We rush in. The room is easily fifty meters on all sides, but Coplar is right; since they control the walls they can lock us in.

“You,” Humbert points to Claws, “go to the other side. You’ll be our decoy, with your boy here. Get their attention. Cline, take position with half on the right side, I’ll take the left with the rest. We shoot them down the moment they’re past us.”

“Claws needs to stay here in case they close this opening,” I tell him.

“No, you are going to do what—”

The ground vibrates again, and Coplar yells and points to the opposite side, to the wall sliding out of the way. We run for it, me and Claws taking the lead easily. We’re in the middle of the room when a roar hits me like a demon punch.

Submit.

I stagger to a stop. It takes all my concentration to keep my legs from folding under me, from obeying. I look at Claws, worried. If the command hit me this hard, how did he—

Claws is down, smaller than I’ve ever seen him. He’s trembling, not even trying to stand.

“Stand up,” I tell him. “We can take whoever that is.”

He looks at me, and the terror in his eyes is such I almost drop to my knees. Claws isn’t afraid of anyone or anything. Even Protect, for as older as he is, only engendered respect, not fear.

Anger propels me to stand between him and whoever is in that corridor. I will not let anyone hurt him anymore. The soldiers are at our back, aiming ahead and behind, at the guards entering the room. Gunfire erupts around me, but I barely hear it. The roar is ongoing; the demand that I submit is the only thing I can fight.

Something moves in the corridor’s darkness, slowly enough I get hints of its size as they lumber forward, their heat adjusting to the air they displace. This demon is huge. The roar stops as they enter the room. They are tall, massive, commanding, and as they look around, they fix their glowing red eyes on me and roar again.

The command hits me harder, now mixed with amusement and disdain, and Claws whimpers.

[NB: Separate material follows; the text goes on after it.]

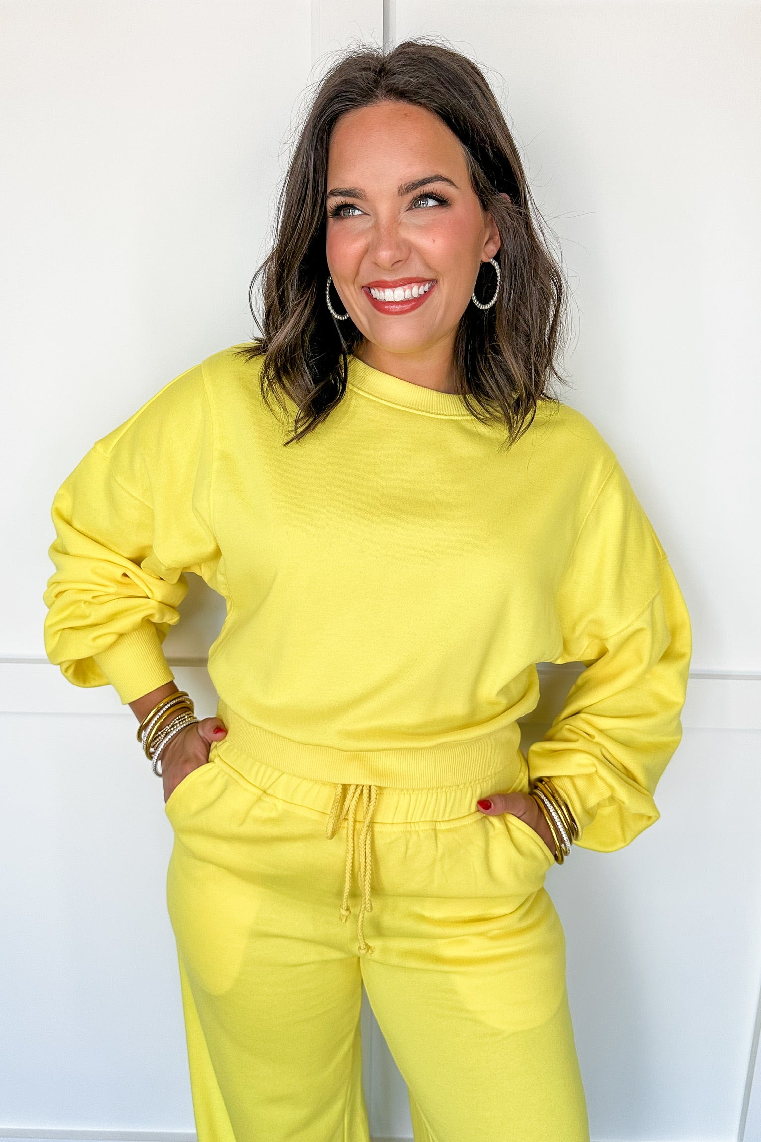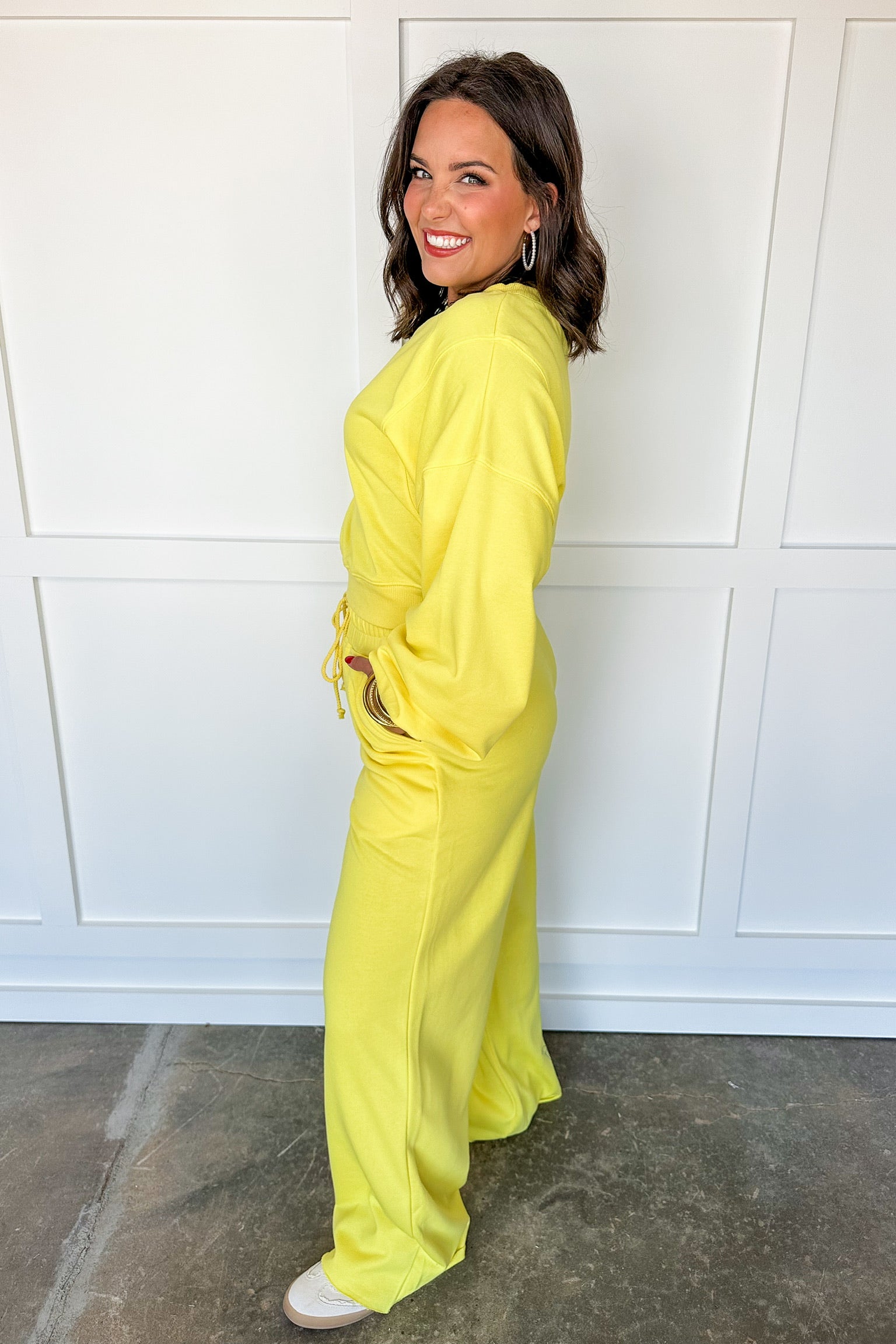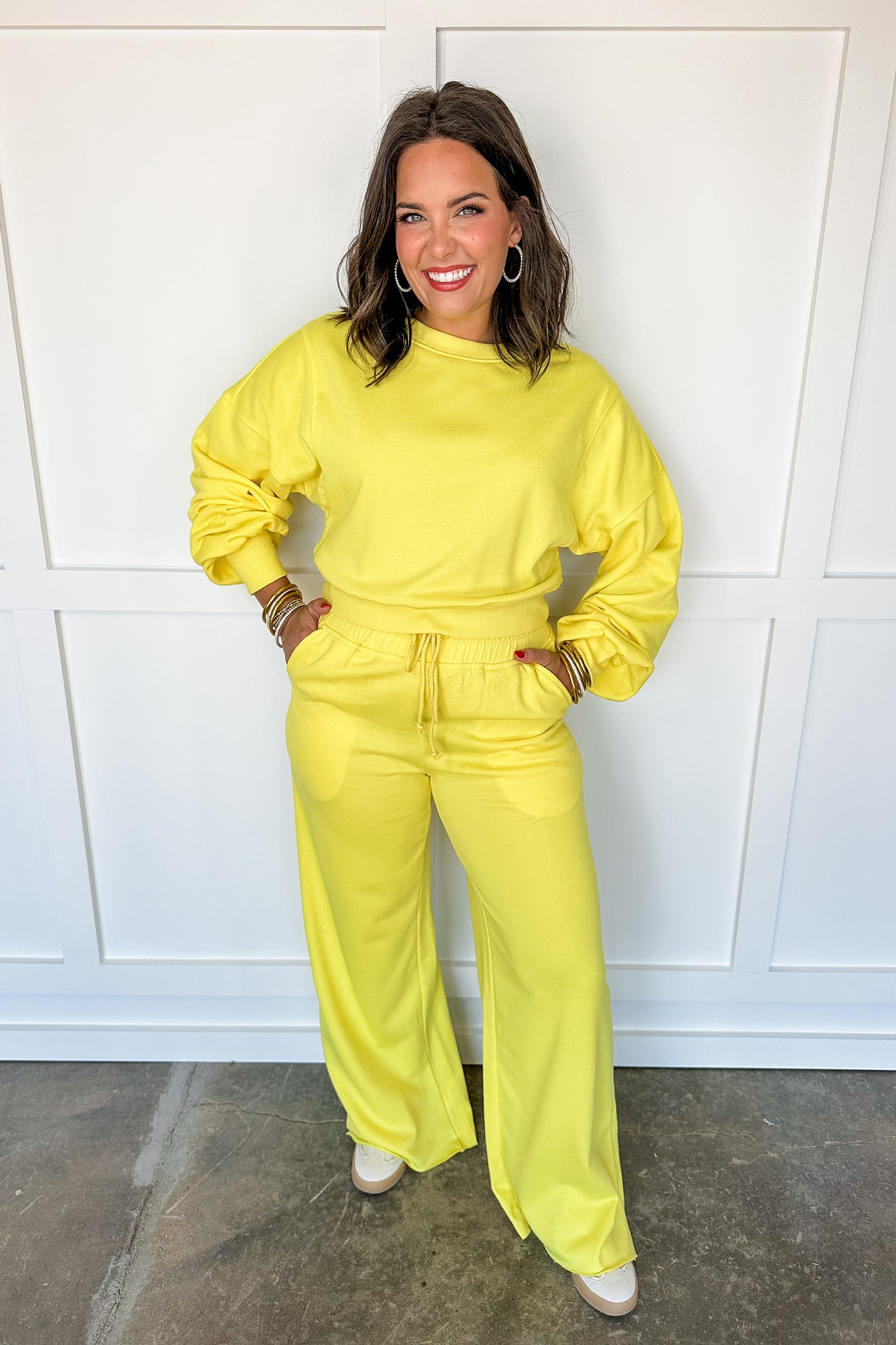 Get cozy and chic with the Yellow Cream Matching Lounge Set. Featuring a playful boxy long sleeve top paired with high-waisted, wide-leg bottoms that tie at the waist for a perfect fit. This set blends comfort and style effortlessly, making it your new go-to for lounging or casual outings.

The right sleeve of my trench-coat rips apart as spikes push through it, but I don’t move. I am the only one standing between Claws and that thing.

“No,” I say through gritted teeth. Or at least I think I say it. The command reverberates through my bones, the roar makes my ears ring, but I will not obey. I am not some young demon that bends to an elder’s will just because they are older, stronger. I am—

I don’t see the blow. I know it didn’t come from the demon, but as my consciousness fades, I also know no human can hit me so hard I’ll react. There are only humans behind me.